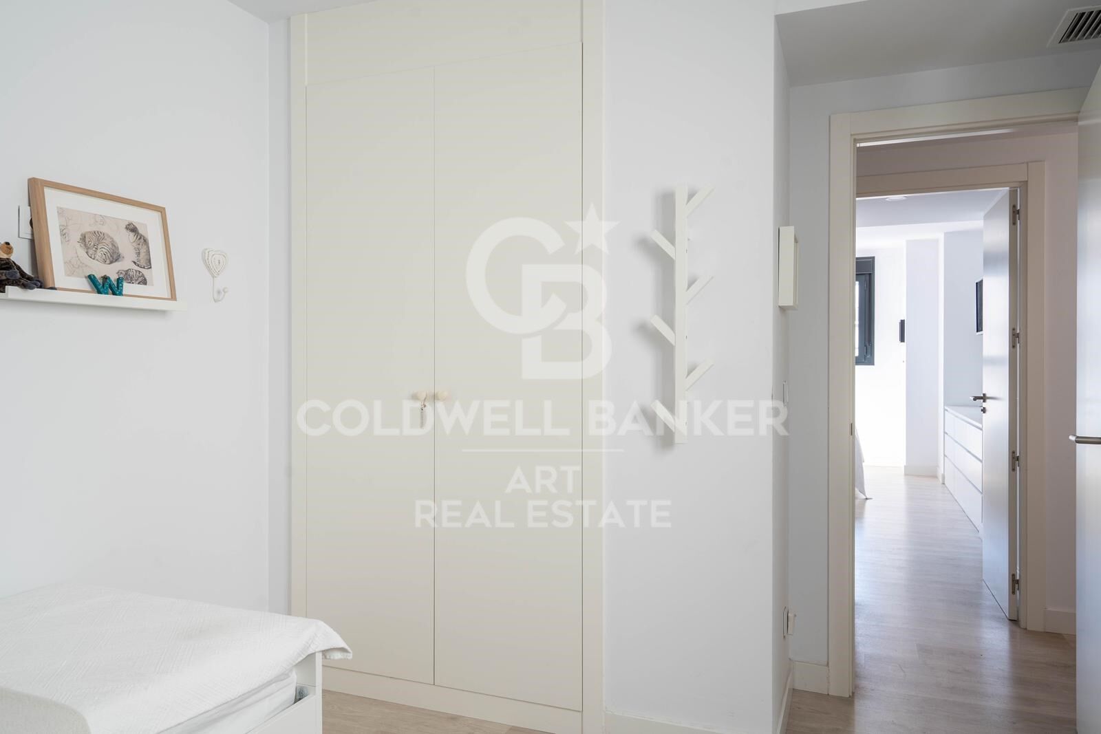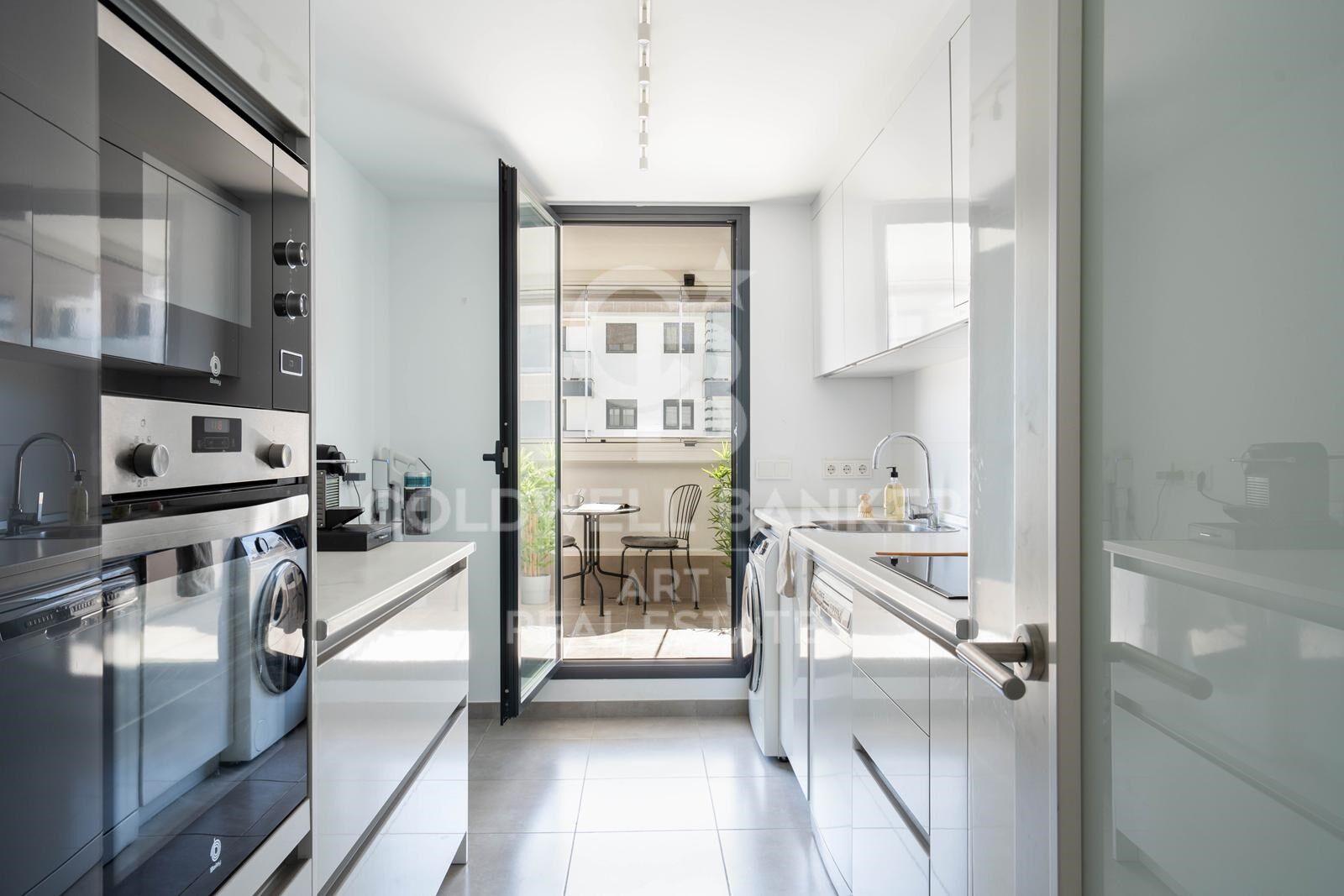 L'appartement dispose de parquet, carrelage en grès cérame, espaces ouverts lumineux, et une cuisine entièrement équipée avec électroménagers intégrés. Une des deux salles de bains est dotée d'une baignoire hydromassante. Il est également équipé de placards intégrés, climatisation, double vitrage, garage privé et débarras.
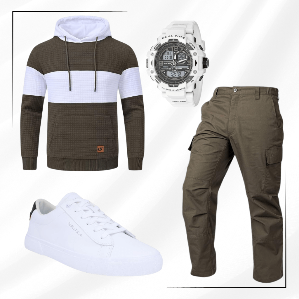 Take a brisk afternoon stroll in this army green and white outfit.
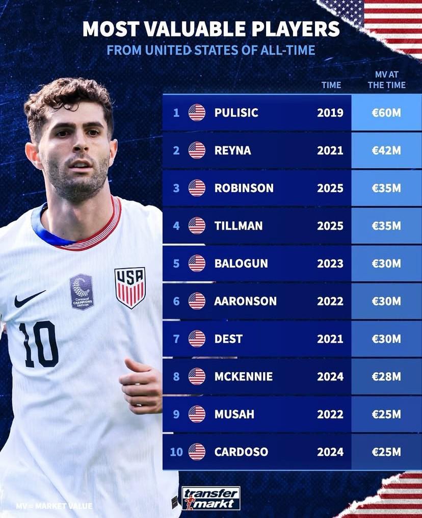 北京時間11月16日,德轉(zhuǎn)列出了美國球員歷史身價排名前10的球員,2019年身價曾經(jīng)達到6000萬歐元的普利希奇高居第一,吉奧瓦尼-雷納4200萬歐元第二,安東尼-羅賓遜和馬利克-蒂爾曼同以3500萬歐元并列第三。
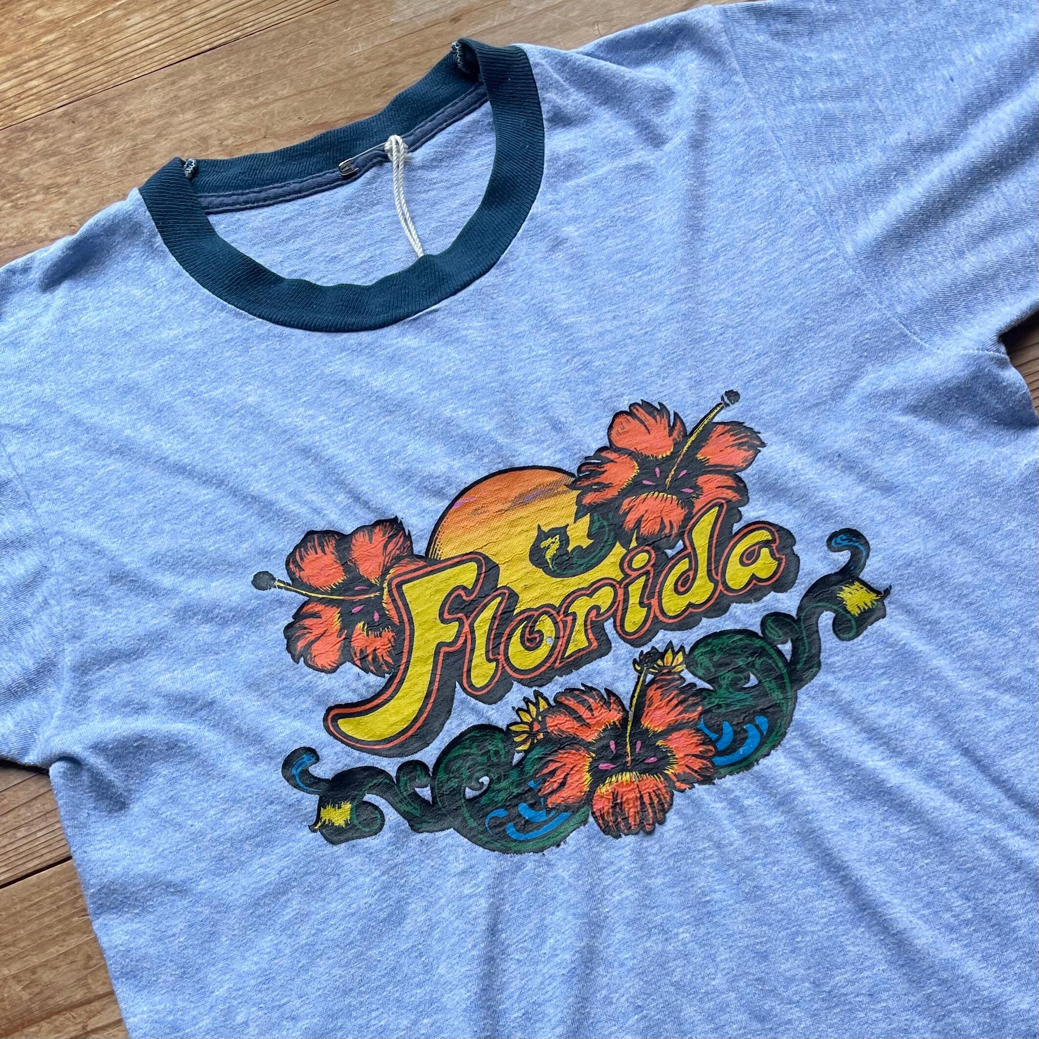 70's vintage Florida リンガーTシャツ 古着 フロリダ ハイビスカス サックスブルー USA
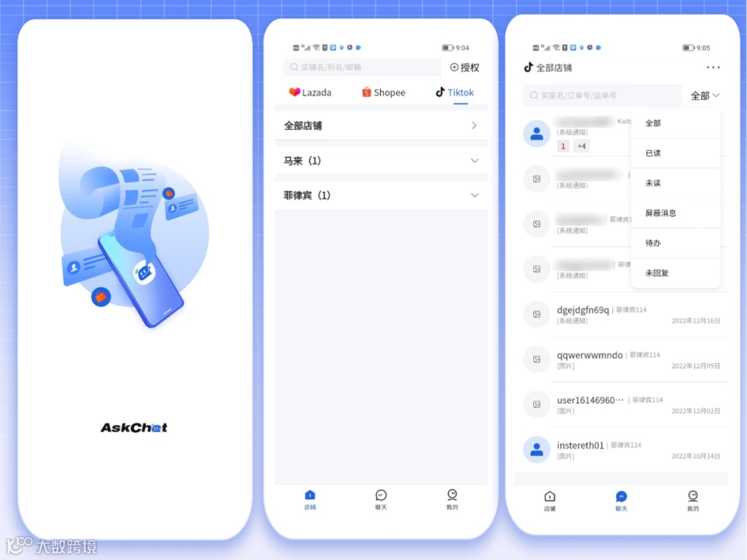 多站点店铺集成管理:支持授权TikTok Shop美国本土店/跨境/ACCU店、东南亚跨境/本土店、英国本土店在AskChat上可实现多店铺同时管理,无需切换平台及账号,一个系统上就能集中解决多平台多店铺客户接待。
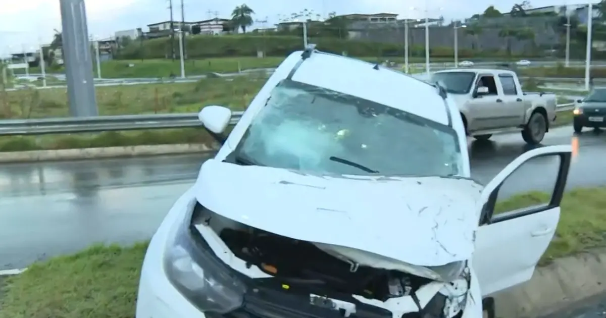 O acidente foi registrado na madrugada desta segunda-feira (5), no sentido BR-324, e com o impacto, o carro chegou a capotar na via.
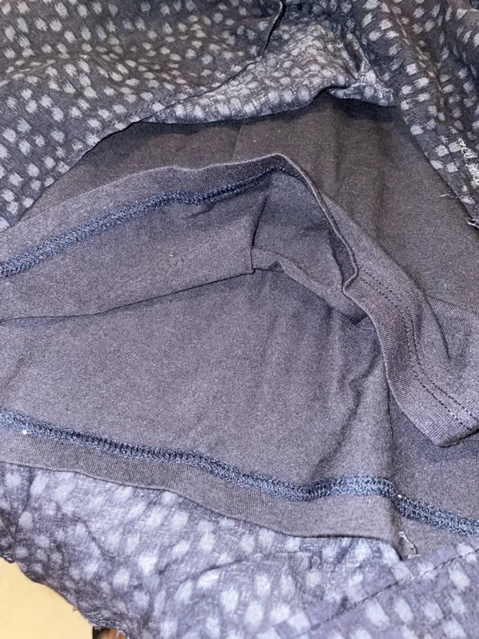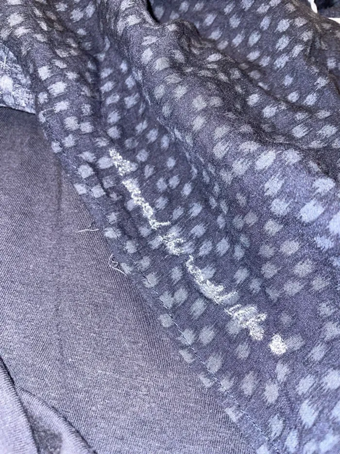 Écriture au fil argenté sur le bas qui est plus ample que la partie haute
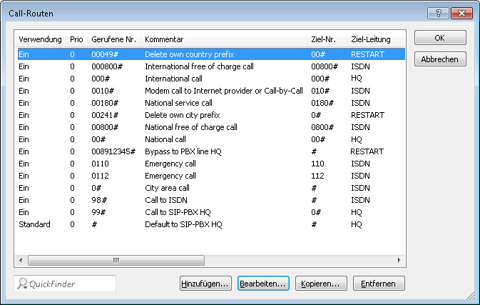 Anmerkung: Dieser spezielle Eintrag wird erst im zweiten Durchlauf der Call-Routing-Tabelle verwendet, nachdem im ersten Durchlauf bei den "normalen" Routen keine Übereinstimmung erzielt wurde und auch in der Liste der lokalen Benutzer keine passende interne Rufnummer gefunden wurde.
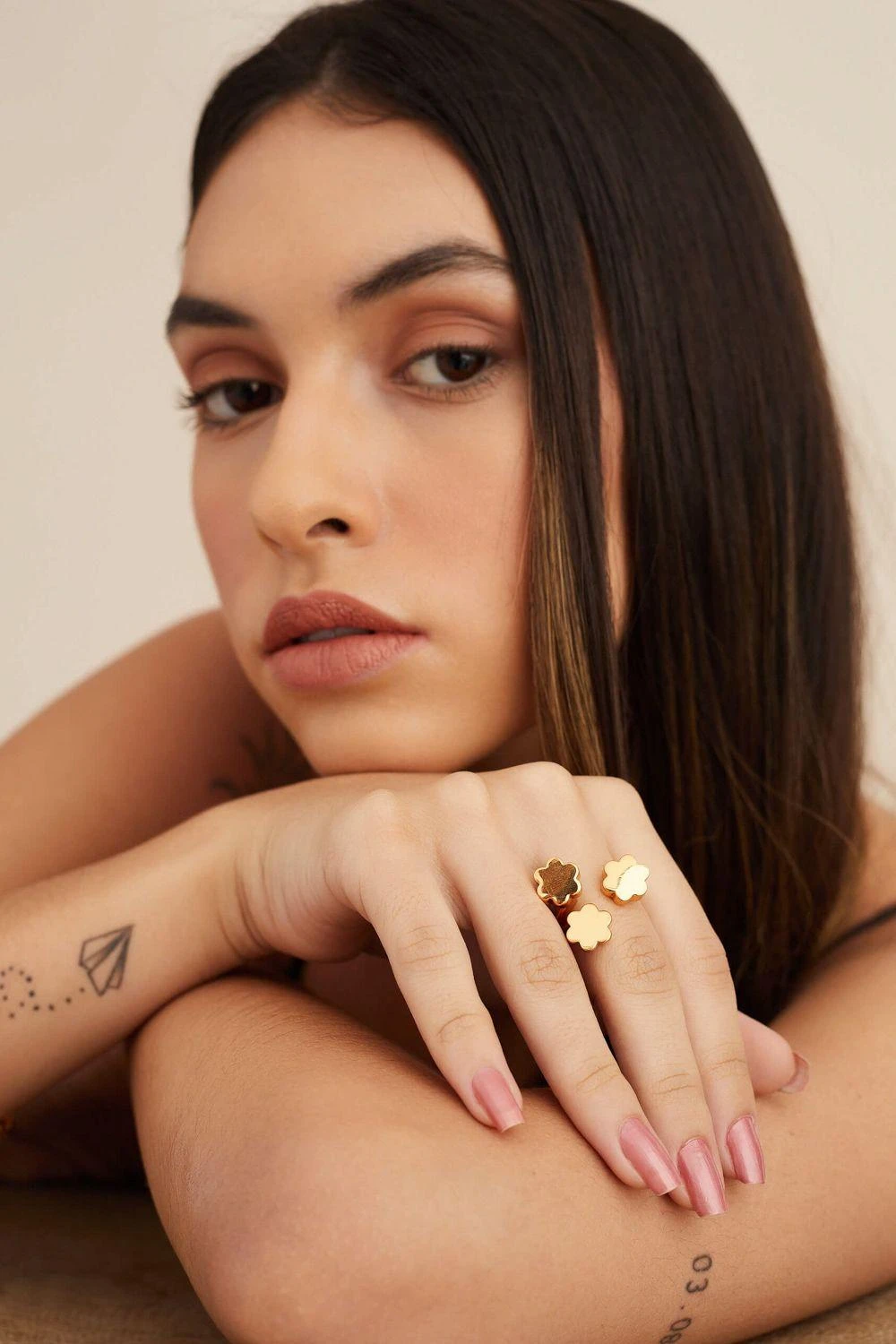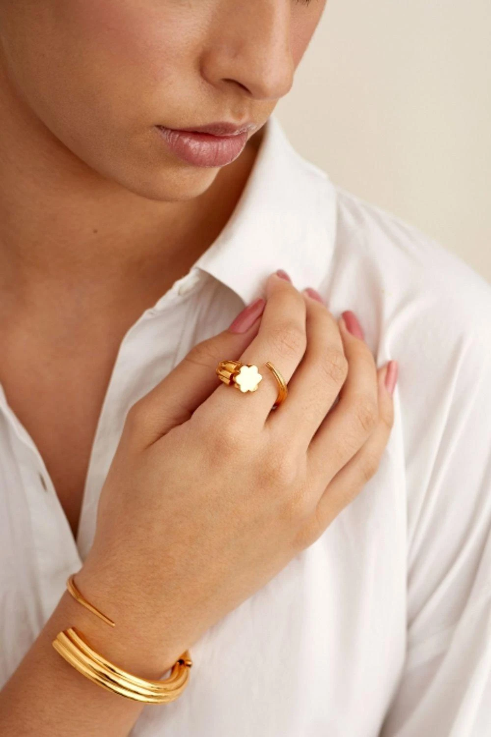 This OH poppi clump ring is reimagined in the abstract form of 5-petal monogram. The 22K gold finish shines bright in a meticulously crafted design that celebrates the power and beauty of the wearer.
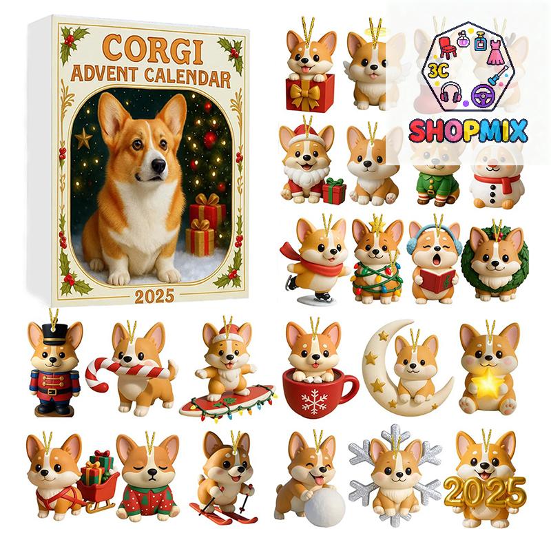 Countdown With Cute Corgi Mini Ornaments, Dog-Themed Christmas Decoration Set For Home Décor

+++

■ **PROBLEM TO WORK ON**: Word for word, restate all of the material, omitting the images.

■ **ANSWER FOR THIS EXERCISE**:
 L'appartement dispose de parquet, carrelage en grès cérame, espaces ouverts lumineux, et une cuisine entièrement équipée avec électroménagers intégrés. Une des deux salles de bains est dotée d'une baignoire hydromassante. Il est également équipé de placards intégrés, climatisation, double vitrage, garage privé et débarras.
 Take a brisk afternoon stroll in this army green and white outfit.
 北京時間11月16日,德轉(zhuǎn)列出了美國球員歷史身價排名前10的球員,2019年身價曾經(jīng)達到6000萬歐元的普利希奇高居第一,吉奧瓦尼-雷納4200萬歐元第二,安東尼-羅賓遜和馬利克-蒂爾曼同以3500萬歐元并列第三。
 70's vintage Florida リンガーTシャツ 古着 フロリダ ハイビスカス サックスブルー USA
 多站点店铺集成管理:支持授权TikTok Shop美国本土店/跨境/ACCU店、东南亚跨境/本土店、英国本土店在AskChat上可实现多店铺同时管理,无需切换平台及账号,一个系统上就能集中解决多平台多店铺客户接待。
 O acidente foi registrado na madrugada desta segunda-feira (5), no sentido BR-324, e com o impacto, o carro chegou a capotar na via.
 Écriture au fil argenté sur le bas qui est plus ample que la partie haute
 Anmerkung: Dieser spezielle Eintrag wird erst im zweiten Durchlauf der Call-Routing-Tabelle verwendet, nachdem im ersten Durchlauf bei den "normalen" Routen keine Übereinstimmung erzielt wurde und auch in der Liste der lokalen Benutzer keine passende interne Rufnummer gefunden wurde.
 This OH poppi clump ring is reimagined in the abstract form of 5-petal monogram. The 22K gold finish shines bright in a meticulously crafted design that celebrates the power and beauty of the wearer.
 Countdown With Cute Corgi Mini Ornaments, Dog-Themed Christmas Decoration Set For Home Décor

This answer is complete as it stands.